Question

Compute the derivative of the given function. $$h(t)=e^{3 t^{2}+t-1}$$

Short answer

The derivative is \( h'(t) = (6t + 1) e^{3t^2 + t - 1} \).

Step-by-step solution

Identify the Function and Exponent

The function to differentiate is given as \( h(t) = e^{3t^2 + t - 1} \). Here, \(3t^2 + t - 1\) is the exponent of the natural exponential function \( e \).

Apply the Chain Rule

To differentiate \( h(t) \), we apply the chain rule. The chain rule states that the derivative of \( e^{u(t)} \) is \( e^{u(t)} \cdot u'(t) \). Here, \( u(t) = 3t^2 + t - 1 \).

Differentiate the Exponent

Find the derivative of \( u(t) = 3t^2 + t - 1 \). The derivative is obtained by differentiating term-by-term: \( \frac{d}{dt}(3t^2) = 6t \), \( \frac{d}{dt}(t) = 1 \), and \( \frac{d}{dt}(-1) = 0 \). Hence, \( u'(t) = 6t + 1 \).

Combine Results to Find the Derivative

Using the chain rule, the derivative of \( h(t) = e^{3t^2 + t - 1} \) is \( h'(t) = e^{3t^2 + t - 1} \cdot (6t + 1) \). Therefore, \( h'(t) = (6t + 1) e^{3t^2 + t - 1} \).

Key concepts

chain rule

The chain rule is a fundamental concept in calculus used to differentiate composite functions. You often need it when you're dealing with a function inside another function, like in this exercise where the function is of the form \( e^{u(t)} \).To apply the chain rule, you follow these steps:

• Identify the inner function, \( u(t) \), which in this circumstance is \( 3t^2 + t - 1 \).
• Differentiate \( u(t) \) to find \( u'(t) \).
• Multiply the derivative of the outer function with respect to \( u(t) \) by \( u'(t) \).

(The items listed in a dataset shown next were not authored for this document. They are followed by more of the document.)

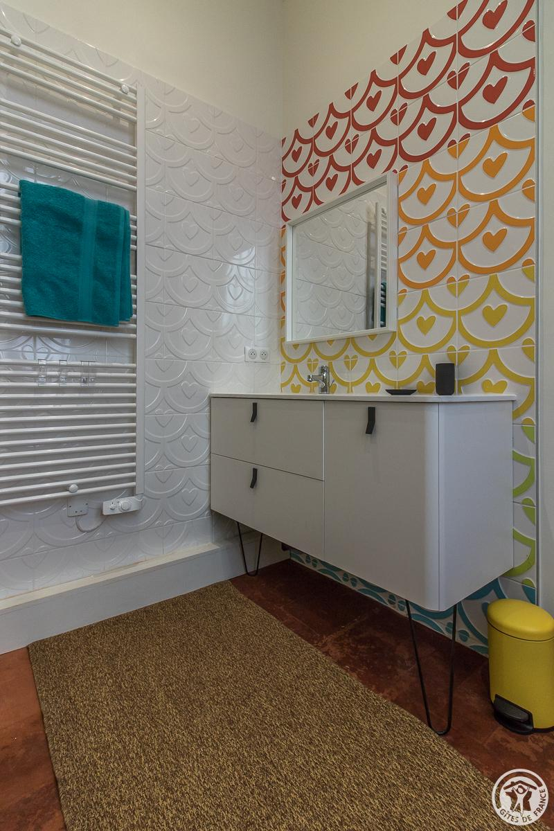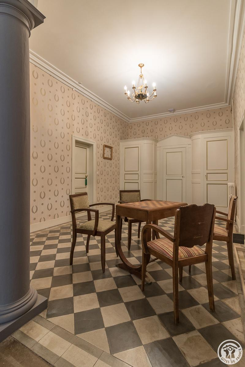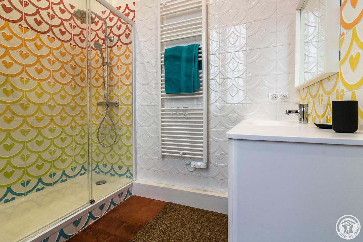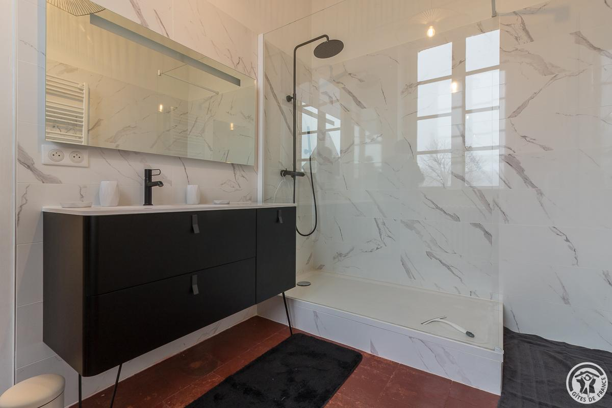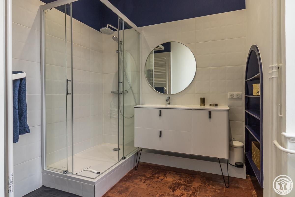 – Arriba, a través de la escalera monumental, una sala de juegos conduce a las 5 habitaciones de huéspedes: Chambre Bleue (1 cama para 2 personas de 160 cm, vestidor, cuarto de ducha, WC separado), Chambre Verte y Chambre Orange clasificadas 3 épis por su capacidad para alojar a 3 personas (1 cama para 2 personas de 160 cm + 1 cama para 1 persona de 90 cm, cuarto de baño/WC para la Verte y cuarto de ducha/WC para la Orange), Chambre Rose (1 cama para 2 personas de 160cm, vestidor, cuarto de ducha/WC), Chambre familiale Noire (1 cama para 2 personas de 160cm) (2 camas para 1 persona de 90cm en una pequeña habitación comunicada), cuarto de ducha con WC separado.
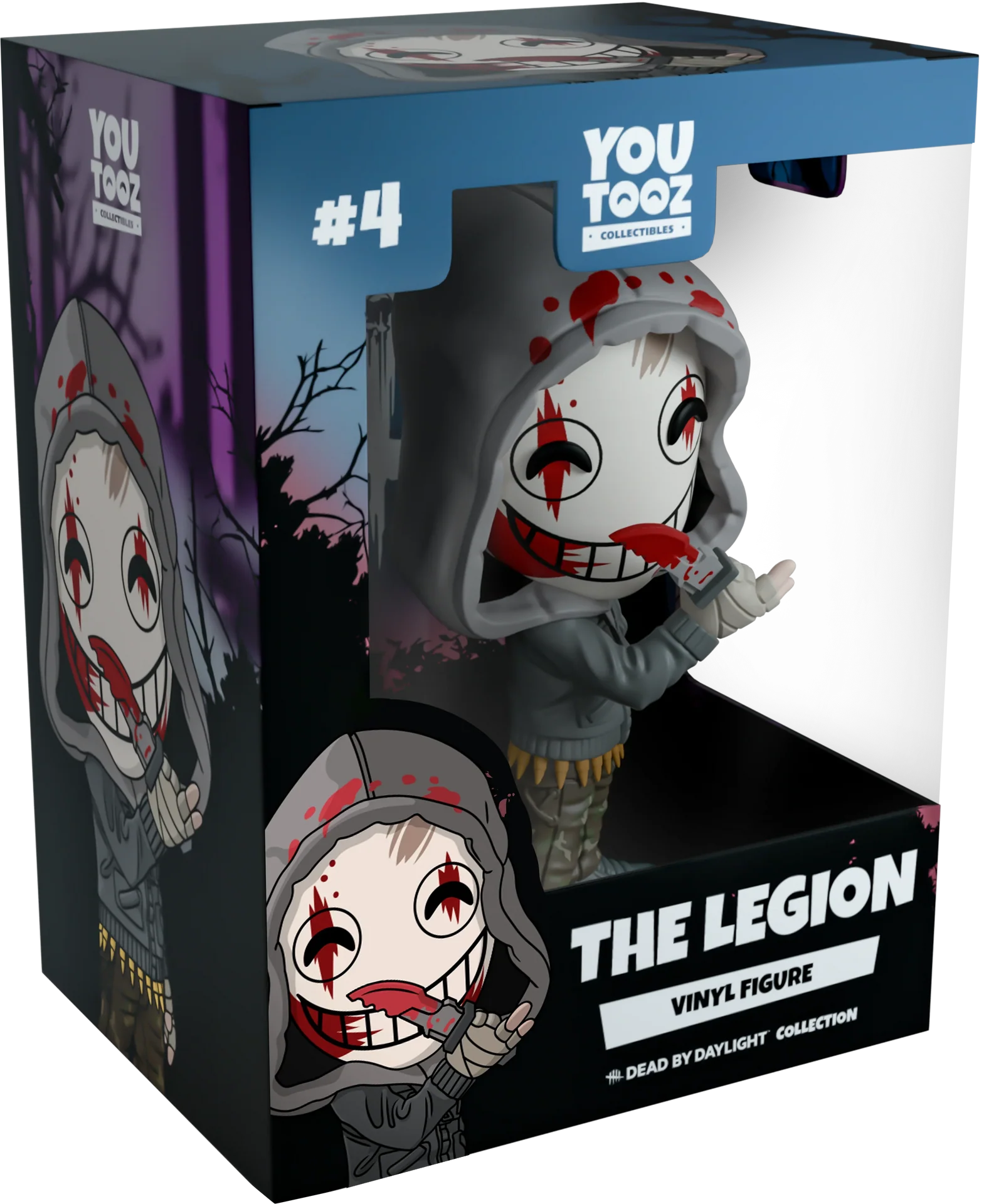Legija urla u Youtooz u silovitom bijesu! Visok 12 cm i držeći krvlju natopljeni lovački nož u jednoj zavijenoj ruci s dva prsta u zraku, njihova nasmiješena bijela maska viri kroz debelu kapuljaču jakne i umrljana je jarko crvenim ostacima njihove najnovije žrtve. S torbama za zalihe na sivo-plavoj jakni i smeđim kamuflažnim hlačama, nose žuti pojas s mecima oko struka i čvrste sive čizme. Vanjski dio njihovog pakovanja prikazuje Legiju kako se gleda u ogledalu s rukama pritisnutim uz staklo. Dok je unutrašnjost šuma u crnoj silueti sa sjajnom crvenom i plavom maglom i bijelim logotipom 'Dead by Daylight' na poleđini, ovaj zlokobni dizajn se zatim nastavlja na zaštitni omot s tamnim drvećem koje ga potpuno okružuje, dok se njihova silueta može vidjeti kroz veliki prozirni prozor na prednjoj strani. Ovaj kolekcionarski predmet dolazi u zaštitnom, reljefnom, mat vanjskom omotu i plastičnom zaštitniku prilagođene veličine za maksimalnu zaštitu tokom transporta.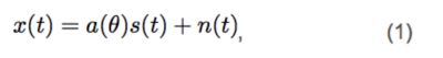 Let's begin with a mathematical model of a uniform linear array. You are given a data vector of IQ-samples for each antenna. Let this vector be called x. Now, a phase shift is seen by each antenna (which can be 0) plus some noise, 𝑛, in the measurements, so 𝑥 can be written as a function of time 𝑡:

This means that for the given function \( h(t) = e^{u(t)} \), its derivative \( h'(t) \) is \( e^{u(t)} \cdot u'(t) \). It's like peeling back layers of an onion, dealing with one function at a time.

exponential function

An exponential function is characterized by having a constant base raised to a variable exponent. Here, the base is the mathematical constant \( e \) (approximately 2.718), making it a 'natural exponential function'.Natural exponential functions, like \( e^x \), have a unique property: they are their own derivatives. This property simplifies differentiation because when differentiating \( e^{u(t)} \):

• The base \( e \) stays the same after differentiation, simplifying expressions.
• The exponent function itself, \( u(t) \), has to be differentiated separately.

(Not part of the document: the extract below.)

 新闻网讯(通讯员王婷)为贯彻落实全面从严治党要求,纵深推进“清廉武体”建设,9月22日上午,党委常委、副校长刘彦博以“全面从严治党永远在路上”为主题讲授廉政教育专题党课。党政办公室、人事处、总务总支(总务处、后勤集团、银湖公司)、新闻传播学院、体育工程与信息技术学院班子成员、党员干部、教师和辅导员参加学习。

In this exercise, \( e \) remains constant, and you primarily work with the exponent to apply the chain rule effectively.

differentiation

Differentiation is the process of finding how a function changes as its input changes. It's a central operation in calculus and is used to determine rates of change and slopes of curves.To differentiate a function means to find its derivative. The derivative provides important information about the function, such as:

• Where it is increasing or decreasing.
• The location of maximum or minimum values.
• The slope of the function at any point.

In this specific problem, you differentiate \( h(t) \) to understand how it changes with respect to \( t \). Using methods like the chain rule helps to break down complex functions into simpler parts, making differentiation straightforward.

exponent

An exponent in mathematics refers to the power to which a number or expression is raised. It essentially represents repeated multiplication.In this exercise, the exponent \( 3t^2 + t - 1 \) is of a special type: it's a polynomial function. To deal with exponents like this in differentiation:

• Understand what the exponent represents (in this case, an expression of \( t \)).
• Differentiation involves writing an expression for the rate at which this exponent changes.
• Apply the derivative to each term separately: for example, the derivative of \( 3t^2 \) is \( 6t \).

This understanding helps compute the overall derivative accurately, especially when using rules like the chain rule.